**ASSIGNMENT:** A faithful copy of the data is the goal; set it down exactly, without the images.

**RAW DATA:**
**********
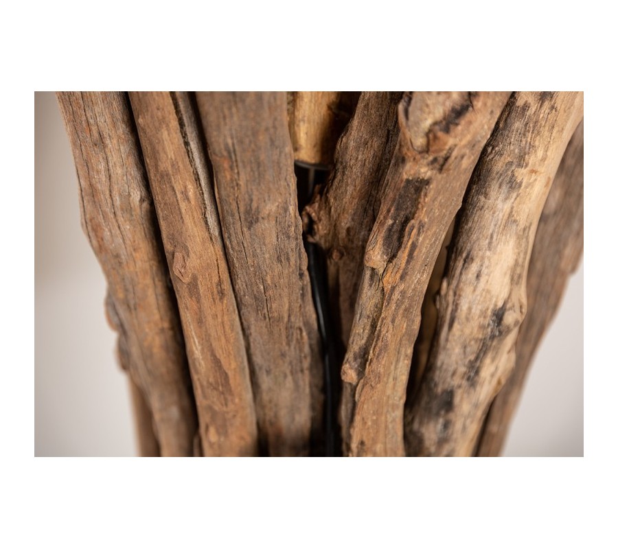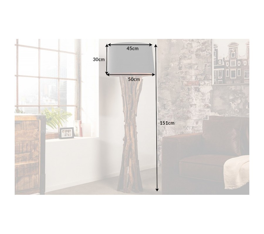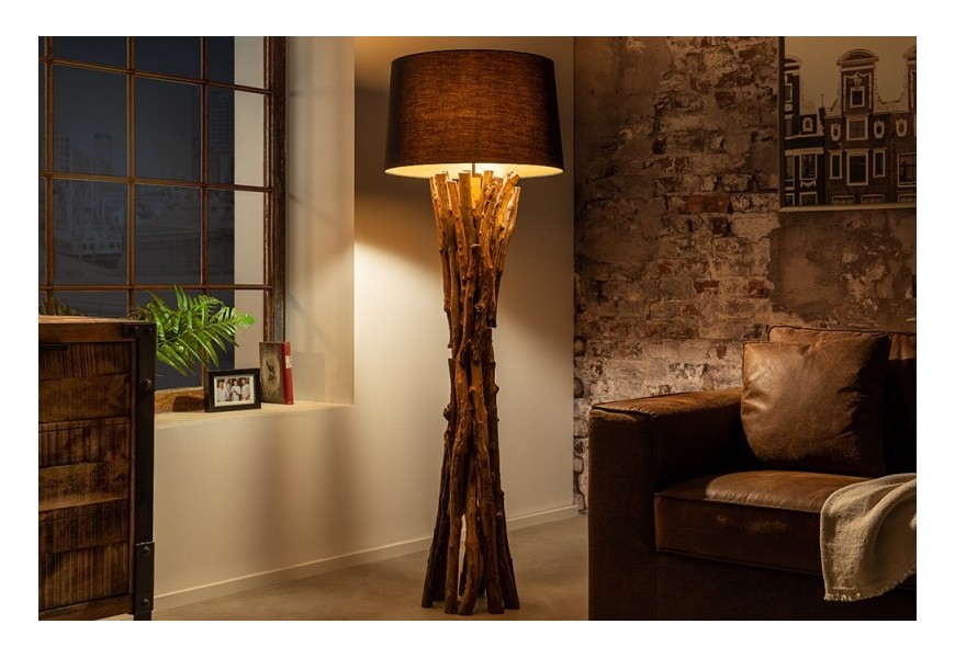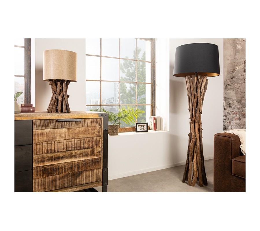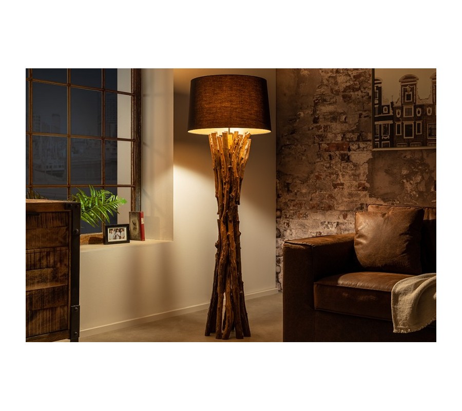 Štýlová stojaca lampa Missle sa vyznačuje svojím unikátnym naturálnym prevedením. Je vhodným doplnkom do moderných ale i industriálne ladených obývačiek, jedální, pracovní či akýchkoľvek iných miestností, v ktorých si túžite vytvoriť tú pravú atmosféru domova. Lampa Missle zaujme svojou podstavou z teakového dreva, ktorá pozostáva z prepojených hrubých konárov vytvárajúcich unikátny naturálny vzhľad. Prírodná hnedá farba podstavy je doplnená univerzálnym čiernym tienidlom so zlatým vnútrom, vďaka ktorému je svetlo lampy príjemne tlmené. Krásne sa hodí k masívnemu drevenému nábytku, koženej sedačke či kreslu a k výrazným doplnkom z prírodných materiálov alebo z kovu. Do lampy sú vhodné žiarovky typu E27 max 25W.
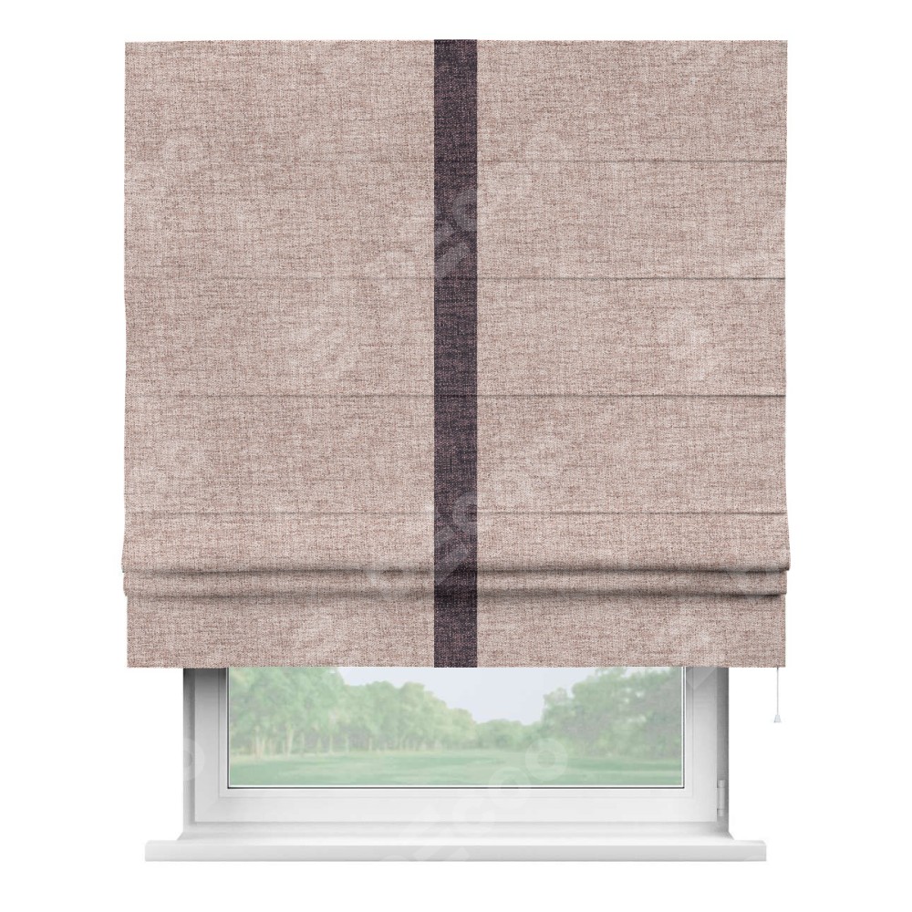Римская штора пошита из ткани рогожка димаут пыльный розовый, артикул: 91019, с отделкой кантом «Хайвэй» представляет собой уникальное и смелое дизайнерское решение, где кант расположен вертикально посередине шторы. Этот дизайн не только выделяет штору среди других вариантов оформления окон, но и создает интересный визуальный акцент, привлекая внимание к центру окна и разделяя штору на визуальные зоны. Такой нестандартный подход добавляет динамичности интерьеру и может быть использован для подчеркивания особенностей оформления помещения.
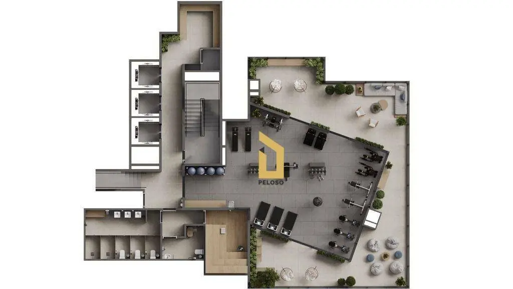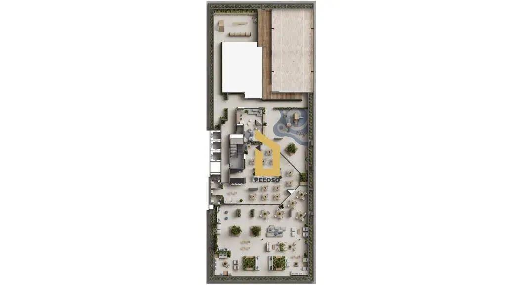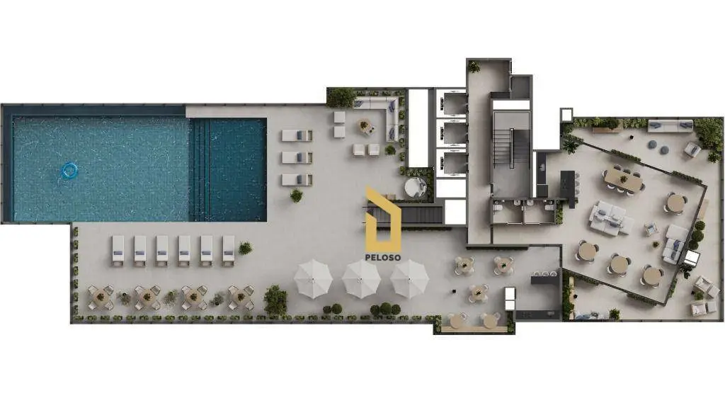Área de lazer com: Quadra de areia, piscina, academia, salão de festas
**********
**ANSWER:**
 Štýlová stojaca lampa Missle sa vyznačuje svojím unikátnym naturálnym prevedením. Je vhodným doplnkom do moderných ale i industriálne ladených obývačiek, jedální, pracovní či akýchkoľvek iných miestností, v ktorých si túžite vytvoriť tú pravú atmosféru domova. Lampa Missle zaujme svojou podstavou z teakového dreva, ktorá pozostáva z prepojených hrubých konárov vytvárajúcich unikátny naturálny vzhľad. Prírodná hnedá farba podstavy je doplnená univerzálnym čiernym tienidlom so zlatým vnútrom, vďaka ktorému je svetlo lampy príjemne tlmené. Krásne sa hodí k masívnemu drevenému nábytku, koženej sedačke či kreslu a k výrazným doplnkom z prírodných materiálov alebo z kovu. Do lampy sú vhodné žiarovky typu E27 max 25W.
Римская штора пошита из ткани рогожка димаут пыльный розовый, артикул: 91019, с отделкой кантом «Хайвэй» представляет собой уникальное и смелое дизайнерское решение, где кант расположен вертикально посередине шторы. Этот дизайн не только выделяет штору среди других вариантов оформления окон, но и создает интересный визуальный акцент, привлекая внимание к центру окна и разделяя штору на визуальные зоны. Такой нестандартный подход добавляет динамичности интерьеру и может быть использован для подчеркивания особенностей оформления помещения.
Área de lazer com: Quadra de areia, piscina, academia, salão de festas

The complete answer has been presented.